Records from a data source

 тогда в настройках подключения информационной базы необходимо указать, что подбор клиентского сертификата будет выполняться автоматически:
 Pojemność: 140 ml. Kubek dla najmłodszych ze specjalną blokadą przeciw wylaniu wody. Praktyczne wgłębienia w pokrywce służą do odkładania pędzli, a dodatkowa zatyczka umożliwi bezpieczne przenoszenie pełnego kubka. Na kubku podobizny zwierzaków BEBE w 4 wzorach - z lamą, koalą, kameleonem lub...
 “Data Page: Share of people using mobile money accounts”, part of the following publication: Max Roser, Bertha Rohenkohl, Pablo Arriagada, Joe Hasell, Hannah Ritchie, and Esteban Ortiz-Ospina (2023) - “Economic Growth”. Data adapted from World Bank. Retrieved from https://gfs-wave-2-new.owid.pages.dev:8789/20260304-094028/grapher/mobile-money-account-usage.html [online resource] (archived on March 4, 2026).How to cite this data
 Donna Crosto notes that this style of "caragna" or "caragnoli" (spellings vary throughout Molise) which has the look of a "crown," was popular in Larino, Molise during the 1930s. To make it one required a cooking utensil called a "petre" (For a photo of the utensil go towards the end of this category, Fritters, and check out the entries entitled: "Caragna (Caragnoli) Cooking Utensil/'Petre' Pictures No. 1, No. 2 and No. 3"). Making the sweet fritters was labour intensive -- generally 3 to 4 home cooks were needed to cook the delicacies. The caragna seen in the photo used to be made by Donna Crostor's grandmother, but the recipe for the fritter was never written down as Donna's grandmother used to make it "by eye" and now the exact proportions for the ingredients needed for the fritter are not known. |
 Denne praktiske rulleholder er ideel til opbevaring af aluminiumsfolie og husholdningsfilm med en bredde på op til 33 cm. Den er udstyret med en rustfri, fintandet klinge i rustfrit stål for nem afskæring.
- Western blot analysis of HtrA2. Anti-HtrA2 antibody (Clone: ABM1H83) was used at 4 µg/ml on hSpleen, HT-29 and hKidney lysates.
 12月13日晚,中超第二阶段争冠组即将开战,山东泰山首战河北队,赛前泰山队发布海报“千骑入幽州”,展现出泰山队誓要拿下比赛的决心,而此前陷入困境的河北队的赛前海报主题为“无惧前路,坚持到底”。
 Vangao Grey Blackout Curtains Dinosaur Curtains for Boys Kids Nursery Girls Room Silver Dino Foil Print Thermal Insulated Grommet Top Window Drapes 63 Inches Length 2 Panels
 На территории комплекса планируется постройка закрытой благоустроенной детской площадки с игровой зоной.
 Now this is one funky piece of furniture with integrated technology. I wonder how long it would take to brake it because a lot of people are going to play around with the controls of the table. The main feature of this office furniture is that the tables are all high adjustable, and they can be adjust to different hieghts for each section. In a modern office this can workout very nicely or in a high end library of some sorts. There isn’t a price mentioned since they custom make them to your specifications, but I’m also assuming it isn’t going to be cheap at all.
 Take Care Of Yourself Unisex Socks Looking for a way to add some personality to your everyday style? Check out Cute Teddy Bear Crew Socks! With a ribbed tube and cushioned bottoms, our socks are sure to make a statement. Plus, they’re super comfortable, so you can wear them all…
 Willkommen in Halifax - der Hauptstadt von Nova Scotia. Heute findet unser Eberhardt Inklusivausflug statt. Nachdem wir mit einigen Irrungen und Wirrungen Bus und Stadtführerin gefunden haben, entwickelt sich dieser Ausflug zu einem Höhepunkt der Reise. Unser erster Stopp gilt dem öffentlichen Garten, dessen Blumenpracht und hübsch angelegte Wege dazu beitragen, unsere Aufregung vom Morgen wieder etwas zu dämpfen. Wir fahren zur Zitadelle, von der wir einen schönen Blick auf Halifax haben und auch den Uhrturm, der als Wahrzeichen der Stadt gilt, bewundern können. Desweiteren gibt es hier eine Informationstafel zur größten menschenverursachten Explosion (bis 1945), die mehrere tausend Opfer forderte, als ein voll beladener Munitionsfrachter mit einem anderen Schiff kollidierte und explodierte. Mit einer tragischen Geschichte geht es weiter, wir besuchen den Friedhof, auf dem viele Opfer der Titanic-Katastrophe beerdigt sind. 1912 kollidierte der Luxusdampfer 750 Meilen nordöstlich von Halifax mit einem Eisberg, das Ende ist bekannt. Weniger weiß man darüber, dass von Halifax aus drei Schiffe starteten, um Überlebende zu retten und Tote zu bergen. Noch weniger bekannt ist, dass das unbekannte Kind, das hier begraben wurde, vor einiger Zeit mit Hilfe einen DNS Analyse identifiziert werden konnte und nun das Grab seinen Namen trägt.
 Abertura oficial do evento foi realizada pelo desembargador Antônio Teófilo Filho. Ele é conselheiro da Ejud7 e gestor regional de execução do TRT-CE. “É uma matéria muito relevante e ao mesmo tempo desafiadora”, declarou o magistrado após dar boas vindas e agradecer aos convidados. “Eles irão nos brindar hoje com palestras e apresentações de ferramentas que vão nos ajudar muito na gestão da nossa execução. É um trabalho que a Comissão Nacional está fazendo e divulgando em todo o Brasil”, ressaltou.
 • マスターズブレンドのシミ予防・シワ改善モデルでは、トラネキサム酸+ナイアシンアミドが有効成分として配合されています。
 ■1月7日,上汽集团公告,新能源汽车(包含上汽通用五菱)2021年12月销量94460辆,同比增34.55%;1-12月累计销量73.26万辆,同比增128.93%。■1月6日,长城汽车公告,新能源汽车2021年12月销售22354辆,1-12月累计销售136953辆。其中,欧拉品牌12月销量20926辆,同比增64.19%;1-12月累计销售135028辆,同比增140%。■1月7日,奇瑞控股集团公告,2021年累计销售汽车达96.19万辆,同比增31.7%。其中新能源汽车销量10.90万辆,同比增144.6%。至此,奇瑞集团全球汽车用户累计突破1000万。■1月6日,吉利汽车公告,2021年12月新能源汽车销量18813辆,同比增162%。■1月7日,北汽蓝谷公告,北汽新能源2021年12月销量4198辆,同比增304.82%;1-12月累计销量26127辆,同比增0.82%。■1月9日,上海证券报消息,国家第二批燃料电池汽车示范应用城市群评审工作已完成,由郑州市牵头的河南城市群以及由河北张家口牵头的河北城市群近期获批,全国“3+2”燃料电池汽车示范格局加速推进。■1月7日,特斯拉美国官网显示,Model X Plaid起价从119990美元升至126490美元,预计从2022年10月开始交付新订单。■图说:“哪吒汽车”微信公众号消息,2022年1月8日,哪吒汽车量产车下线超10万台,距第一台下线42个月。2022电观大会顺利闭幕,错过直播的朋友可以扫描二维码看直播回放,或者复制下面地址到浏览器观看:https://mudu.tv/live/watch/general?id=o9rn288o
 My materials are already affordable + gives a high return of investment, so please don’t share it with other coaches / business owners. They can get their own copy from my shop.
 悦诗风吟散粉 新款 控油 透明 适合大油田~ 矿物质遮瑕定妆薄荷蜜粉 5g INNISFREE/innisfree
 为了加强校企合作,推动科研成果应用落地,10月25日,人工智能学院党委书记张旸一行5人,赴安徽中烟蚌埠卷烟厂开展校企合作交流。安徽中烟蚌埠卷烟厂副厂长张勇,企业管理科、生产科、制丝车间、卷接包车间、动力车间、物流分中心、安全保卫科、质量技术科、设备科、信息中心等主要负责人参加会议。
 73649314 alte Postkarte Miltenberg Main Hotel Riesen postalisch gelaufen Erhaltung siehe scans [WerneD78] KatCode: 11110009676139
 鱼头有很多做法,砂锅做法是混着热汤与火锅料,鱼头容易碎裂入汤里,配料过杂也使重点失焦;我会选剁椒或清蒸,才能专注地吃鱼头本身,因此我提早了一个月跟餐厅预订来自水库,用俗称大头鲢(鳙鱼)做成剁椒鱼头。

Exercise brief
From the first line of the data above to the line holding "Pojemność: 140 ml.", reproduce each line exactly; emit no other lines.

Reply
 тогда в настройках подключения информационной базы необходимо указать, что подбор клиентского сертификата будет выполняться автоматически:
 Pojemność: 140 ml. Kubek dla najmłodszych ze specjalną blokadą przeciw wylaniu wody. Praktyczne wgłębienia w pokrywce służą do odkładania pędzli, a dodatkowa zatyczka umożliwi bezpieczne przenoszenie pełnego kubka. Na kubku podobizny zwierzaków BEBE w 4 wzorach - z lamą, koalą, kameleonem lub...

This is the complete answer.